- Venue: Beijing National Aquatics Center
- Dates: 15 September
- Competitors: 15 from 10 nations
- Winning time: 29.78

Medalists
- 1st place, gold medalist(s):  / Xu Qing / China
- 2nd place, silver medalist(s):  / Tang Yuan / China
- 3rd place, bronze medalist(s):  / Anders Olsson / Sweden

= Swimming at the 2008 Summer Paralympics – Men's 50 metre freestyle S6 =

The men's 50m freestyle S6 event at the 2008 Summer Paralympics took place at the Beijing National Aquatics Center on 15 September.

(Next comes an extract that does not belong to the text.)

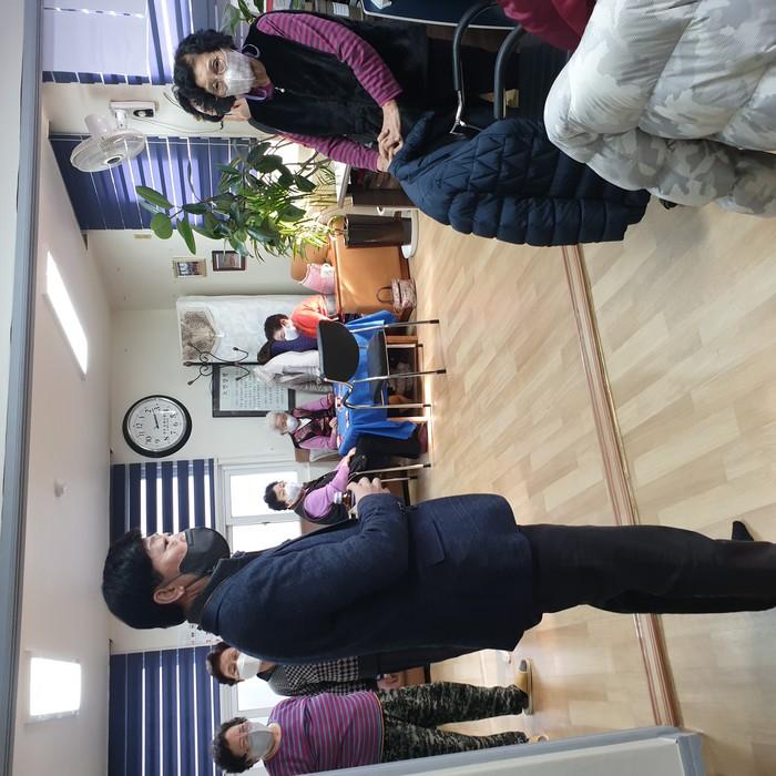경기 동두천시 생연2동행정복지센터가 최근 설 명절을 맞아 지역내 경로당 10곳을 방문해 각 10kg 총 100kg의 쌀을 전달하고 경로당 이용에 대한 애로사항을 청취했다. 사진은 경로당을 방문한 김일 생연2동장이 노인들과 대화를 나누고 있는 모습. (사진제공=동두천시청)

There were two heats; the swimmers with the eight fastest times advanced to the final.

==Results==

===Heats===
Competed from 10:10.

====Heat 1====

| Rank | Name | Nationality | Time | Notes |
|---|---|---|---|---|
| 1 | Yang Yuanrun | China | 31.16 | Q |
| 2 | Anders Olsson | Sweden | 31.48 | Q |
| 3 | Sebastian Iwanow | Germany | 32.72 | Q |
| 4 | Kyosuke Oyama | Japan | 32.87 | Q |
| 5 | Adriano Lima | Brazil | 32.98 | Q |
| 6 | Matt Whorwood | Great Britain | 34.94 |  |
| 7 | Yusup Dewa | Malaysia | 35.24 |  |

====Heat 2====

| Rank | Name | Nationality | Time | Notes |
|---|---|---|---|---|
| 1 | Tang Yuan | China | 30.56 | Q, PR |
| 2 | Xu Qing | China | 30.86 | Q |
| 3 | Daniel Vidal | Spain | 32.06 | Q |
| 4 | Sascha Kindred | Great Britain | 33.04 |  |
| 5 | Andreas Potamitis | Cyprus | 34.07 |  |
| 6 | Stian Helgeland | Norway | 35.07 |  |
| 7 | Luis Silva | Brazil | 35.67 |  |
| 8 | Danielson Santos | Brazil | 37.13 |  |

===Final===
Competed at 19:09.

| Rank | Name | Nationality | Time | Notes |
|---|---|---|---|---|
| 1st place, gold medalist(s) | Xu Qing | China | 29.78 | WR |
| 2nd place, silver medalist(s) | Tang Yuan | China | 30.07 |  |
| 3rd place, bronze medalist(s) | Anders Olsson | Sweden | 31.07 |  |
| 4 | Daniel Vidal | Spain | 31.27 |  |
| 5 | Kyosuke Oyama | Japan | 31.37 |  |
| 6 | Yang Yuanrun | China | 31.66 |  |
| 7 | Sebastian Iwanow | Germany | 32.79 |  |
| 8 | Adriano Lima | Brazil | 32.85 |  |

Q = qualified for final. WR = World Record. PR = Paralympic Record.